Formats the document to remove carriage returns, hyphens and digits as we will not be using digits in word cloud.


    public
            static        formatDoc(string $content) : string

The formatted document generated by this function is only used to compute centroid.

Parameters

$content : string: formatted page.

Return values

string —

formatted document.

formatSentence()

Formats the sentences to remove all characters except words, digits and spaces


    public
            static        formatSentence(string $sentence) : string

Parameters

$sentence : string: complete page.

Return values

string —

formatted sentences.

getPunctuatedUnpunctuatedSentences()

Breaks any content into sentences with and without punctuation


    public
            static        getPunctuatedUnpunctuatedSentences(object $dom, string $content, string $lang) : array<string|int, mixed>

Parameters

$dom : object: a document object to extract a description from.
$content : string: complete page.
$lang : string: local tag of the language for data being processed

Return values

array<string|int, mixed> —

array [sentences_with_punctuation, sentences_with_punctuation_stripped]

getSentenceRanks()

Compute the sentence ranks using power method.


    public
            static        getSentenceRanks(array<string|int, mixed> $adjacency) : array<string|int, mixed>

Take adjacency matrix and apply it 10 times to starting sentence ranks, all of which are 1/n where n is the number of sentences.

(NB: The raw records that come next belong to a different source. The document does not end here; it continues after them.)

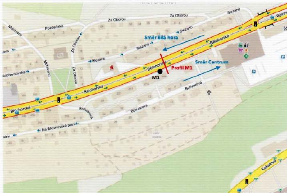
Obr. 1 - Situace umístění profilu č. 1

Níže uvedená místa pokrývají celou trasu komunikace jdoucí od MÚK Malovanka na západ ve směru k D6.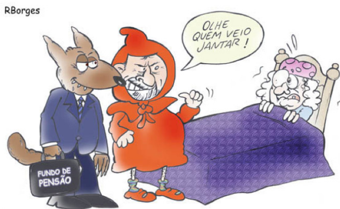
Figura 1 – Borges, R. Haja Humor! Andes – SN, 2008

Tendo como base essa proposta de Pêcheux, analisemos uma charge enfatizando os elementos constitutivos de suas condições de produção e os efeitos de sentido produzidos, na tentativa de exemplificar, juntamente com as análises de Nascimento (2011) já referidas anteriormente, como a Análise do Discurso pode ser inserida no contexto escolar com atividades de leitura e de escrita, por exemplo: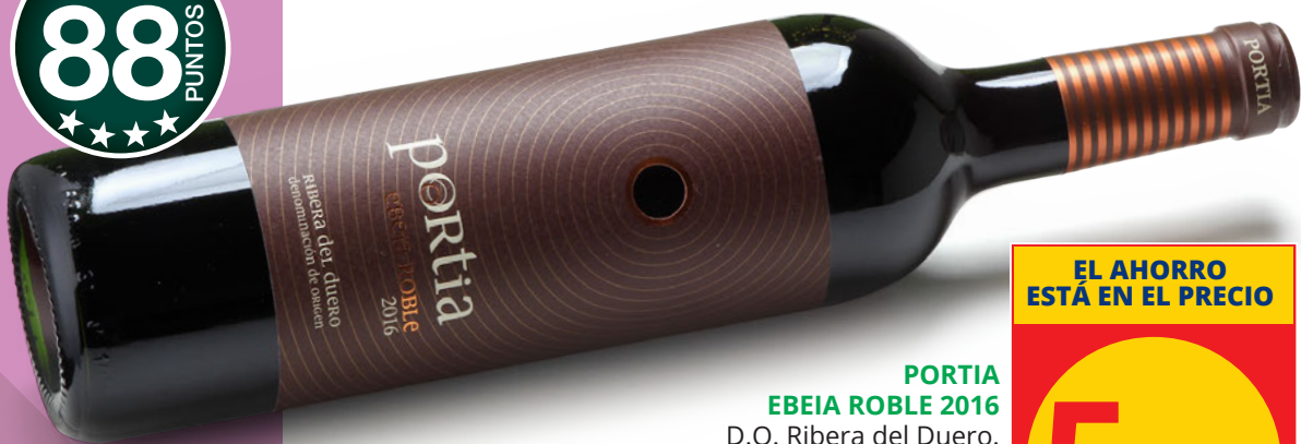
PORTIA EBEIA ROBLE 2016 D.O. Ribera del Duero.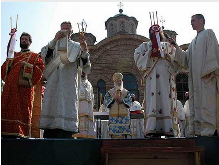
Видовдан 2006. године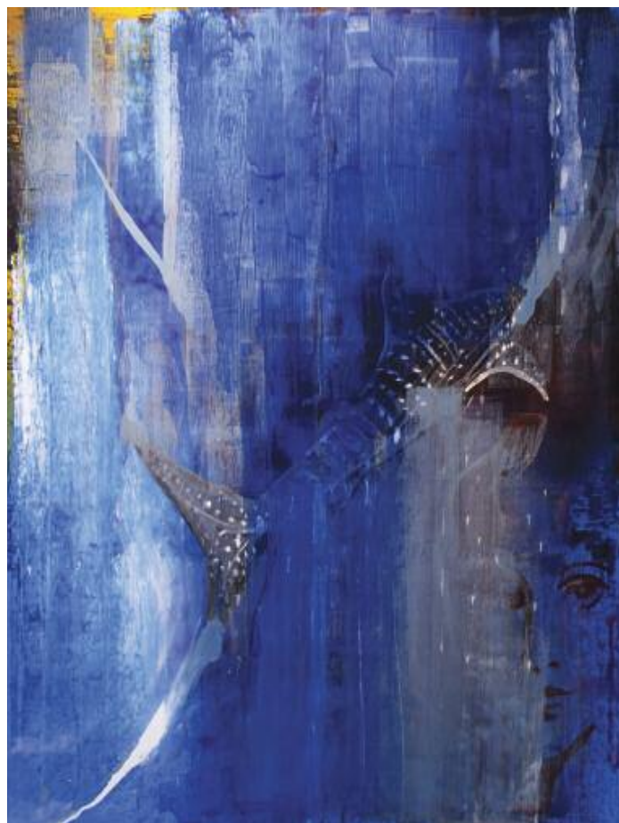
The whale shark Face 2015 122 x 102 cm, acrylic on canvas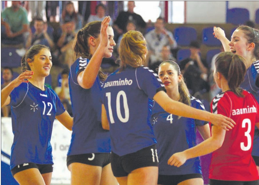
Voleibol feminino em ação

As equipas da UMinho que estão a disputar os europeus (andebol masculino, futebol 11 masculino e voleibol feminino) terminaram a primeira fase dos seus campeonatos e vão agora lutar pela passagem às meias-finais da prova. Se para o andebol a tarefa se avizinha fácil, já para o futebol e volei-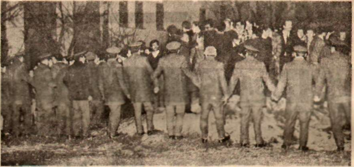
Siyasal Bilgiler Fakültesinde polis kordonu Acı hatıralar

Bu arada Fikir Kulübü Başkanı, Aybar'ı Meclis'ten alıp geliyor ve kapıda Siyasal Bilgiler ve Hukuk öğrencilerinden kurulu bir manga ile karşılaşıyordu. Aybar, bu sıkı kordon arasında kalabalık koridoru geçerken sâkin ve mütebessim yürüyordu. Aybar, salona girişinde alkış ve yuhalarla selâmlandı. Fikir Kulübü yöneticilerinin konuşmasından sonra, Mehmet Ali Aybar gürlütüler arasında kürsüye çıktı. Fakat daha ağızını açar açmaz saldırgan grubun çılgınlığıyla karşılaştı. Aybar, saldırgan gruba hitaben, aralarında art niyetli kişilerin bulunacağını sanmadığını, gençlerin yurt sorunlarını olgunluk içinde dinleyeceğini söylediysede, «istememezükçü»ler Aybar'ın bu görüşünü derhal tekip ettiler. Bundan sonra Fikir Kulübü Federasyonu Başkanı Hüseyin Ergün bir konuşma yaparak ortalığı yatıştırmak istedi. Ancak saldırganlar kararlı gelmişlerdi. Aybar tekerâz söz alarak Osmanlılardan bu güne kadar rejim sorunlarını anlatmaya başladı. Osmanlı devletindeki toprak mülkiyetinin niteliğini anlatarak sanayi devriminin etkilerini açıklıyordu. Bu bilimsel açıklamaları pek anlamayan saldırganlar bir süre sustular. Ancak içlerinden bazı meraklılar, birbirlerine sözü geçen sanayi devriminin «Rus devrimi» olduğunu söyleyerek Aybar'ın komünist propagandası yapıp yapmadığını soruyorlardı. Bu sessizlik, saldırgan grubun «Moskova'ya... Moskova'ya»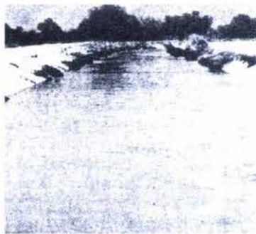
Fig. 12. El Gran Canal de Desagüe del Valle de México.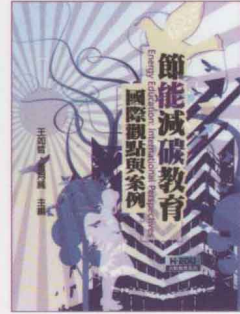
節能減碳教育： 國際觀點與案例 王如哲、黃月純主編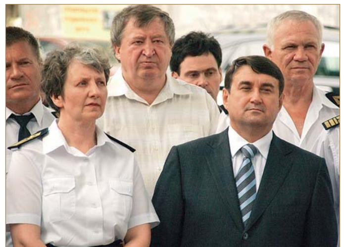
Ректор ОНМУ І. В. Морозова та Міністр транспорту Російської Федерації І. Є. Левітін. Відкриття меморіальних дощок Героям Соціалістичної Праці, випускникам «Водного» Т. Б. Гуженку і О. Є. Данченку, 2008 р.

Діяльність ДМС здійснюється у багатьох напрямках, зокрема в таких: підготовка іноземних громадян до вступу у ВНЗ України (підготовчі курси для іноземців), підготовка фахівців для зарубіжних країн (бакалаврів,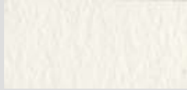
1402 Chinesisch Weiß *** Chinese White Blanc de Chine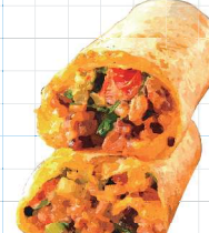
Cajun Beef Burrito 680yen ケイジャンビーフブリット 柔らかく煮込んだ牛肉とスパイシーな ケイジャン風味のソース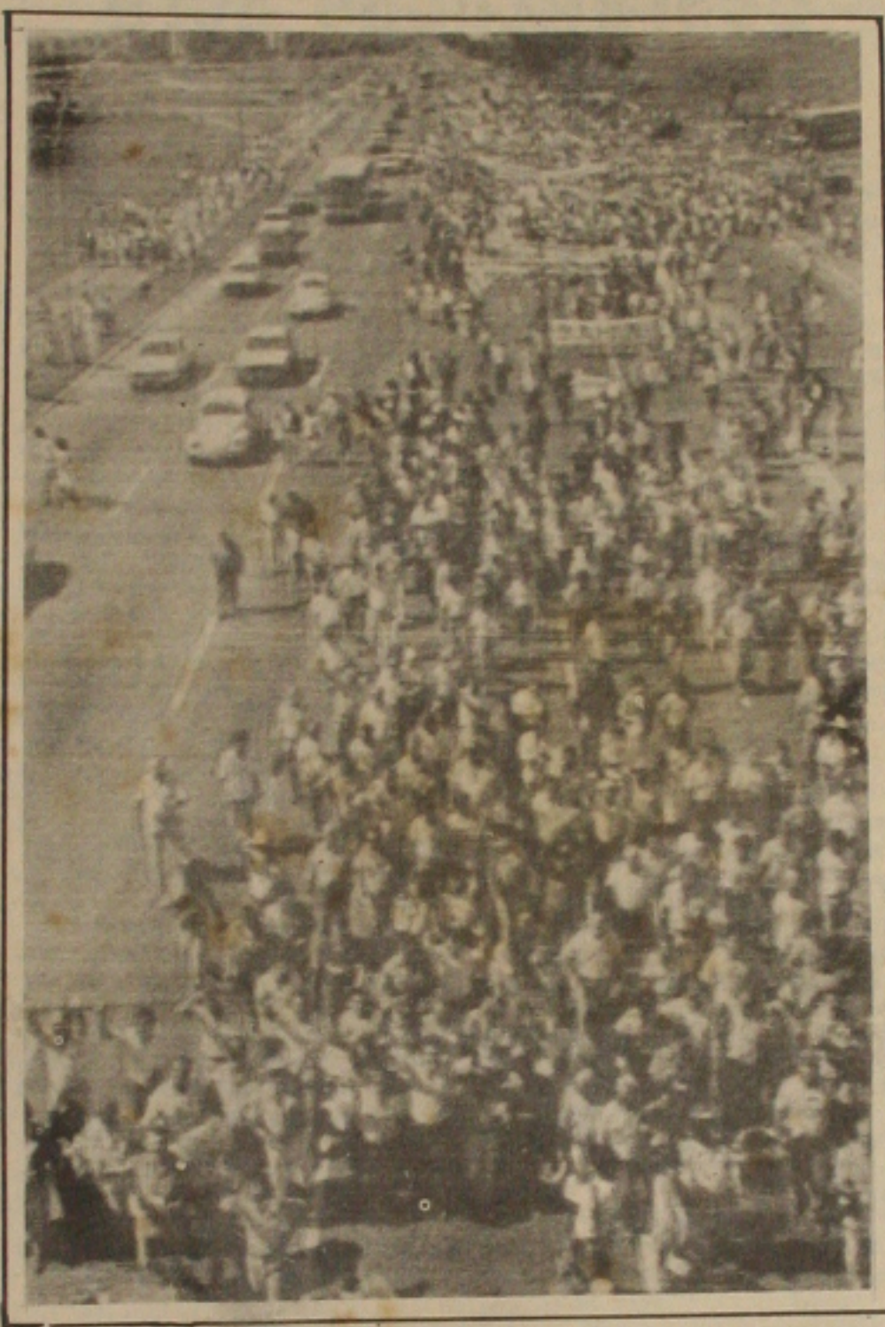
Brasília - Na Esplanada dos Ministérios a UDR realizou passeata.

Segundo Calado, a classe produtora rural estava representada ali não somente pelos latifundiários, e pequenos, e médios produtores, mas também por empregados e representantes de federações e associações do comércio e da indústria associações de mulheres executivas, que se uniram ao protesto, "preocupados com o alto grau de estatização do país".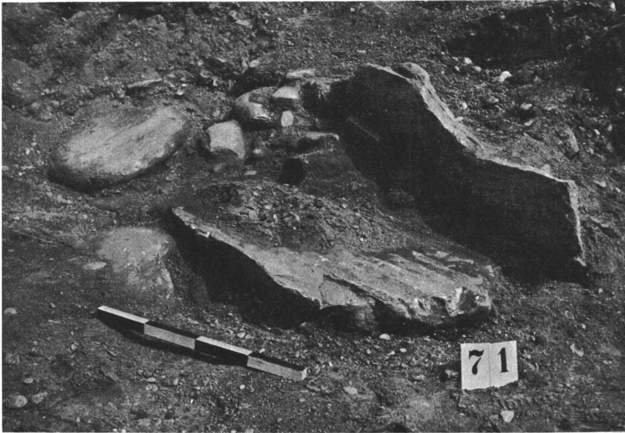
Fig. 7: Tomba a cassa di pietra n. 7. Saccheggiata. Cenere, resti di ossa e frammenti di una brocca d'argilla ammassati in un angolo

di terriccio. Una boccetta di plastica con contagocce, per le reazioni, e il liquido reattivo completano l'equipaggiamento. Se a una prima prova con colorazione giallognola segue colorazione intensamente blu, si è di fronte a alta concentrazione di fosfati. Con sondaggi elettrici si poterono identificare le tombe più periferiche della necropoli, la quale, purtroppo, si estende al di fuori della zona alluvionale della Moesa come un'isola allungata.

We assume pr = (A^{10}r) approximates (A^{11}r) and so A*pr = pr, i.e, the pr vector is a eigentvector of A and its components approximate the importance of each sentence. After computing ranks in this way, we multiply the components of the resulting vector to slightly bias the results to favor earlier sentences in the document using a Zipf-like distribution on sentence order.

Parameters

$adjacency : array<string|int, mixed>: the adjacency matrix (normalized to satisfy conditions for power method to converge) generated for the sentences

Return values

array<string|int, mixed> —

the sentence ranks

getSentences()

Breaks any content into sentences by splitting it on spaces or carriage returns


    public
            static        getSentences(string $content) : array<string|int, mixed>

Parameters

$content : string: complete page.

Return values

array<string|int, mixed> —

array of sentences from that content.

getSummary()

This summarizer uses a page rank-like algorithm to find the important sentences in a document, generate a word cloud, and give scores for those sentences.


    public
            static        getSummary(object $dom, string $page, string $lang) : array<string|int, mixed>

Parameters

$dom : object: document object model of page to summarize
$page : string: complete raw page to generate the summary from.
$lang : string: language of the page to decide which stop words to call proper tokenizer.php of the specified language.

Return values

array<string|int, mixed> —

a triple (string summary, array word cloud, array of position => scores for positions within the summary)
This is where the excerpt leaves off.